If, therefore, the omission of the words “money payable by the defendant to the plaintiff” is fatal even in the ordinary case of a suit between the parties to the alleged transaction, it is obvious that these words have a much stronger significance *101and are the more necessary in a suit against an executor. We are of opinion that the first, second and fourth counts in this declaration are bad on demurrer, because they do not show a money debt payable in prcesenti.

(Decided 16th February, 1871.)

If the third count is not liable to objection on the ground that the words “money payable” are omitted, upon the authority of Fagg vs. Mudd, we think it is defective, because it fails to state that the money was due to the plaintiffs, Bullen & Leake’s Precedents of Plead., 37; Fenton vs. Ellis, 6 Taunt., 192, and also because of the further omission of an averment shewing between whom the account was stated. The form prescribed in the Code for this count is as follows:

“For money found to be due from the defendant to the plaintiff on accounts stated between them,” and this form is identical with that pursued in Fagg vs. Mudd, 25 Eng. L. & Eq., 224. See also Breckon vs. Smith, 1 Ad. & Ell., 488; and Tucker vs. Barron, 7 B. & C., 623.

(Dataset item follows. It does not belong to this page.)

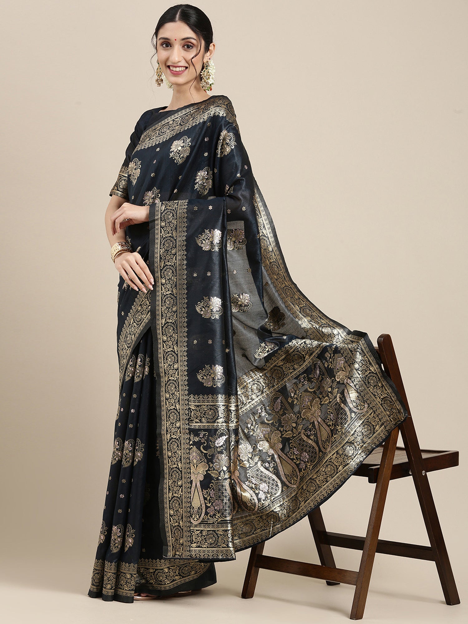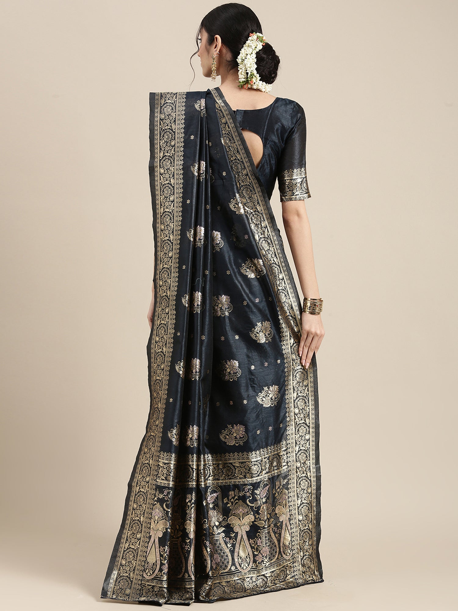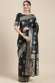 Women's Silk Blend Grey Woven Design Celebrity Saree With Blouse Piece

We concur with the counsel for the appellees, that in proportion as the statutory forms are concise, we should be careful to preserve all the essential averments contained in them. “The brevity which is the object of the Statute is not attained by omitting any of the material averments in the pleading, but by expressing them all in the simplest manner. Departure from forms is only authorized so long as substance is expressed.”

For these reasons the judgment below will be affirmed.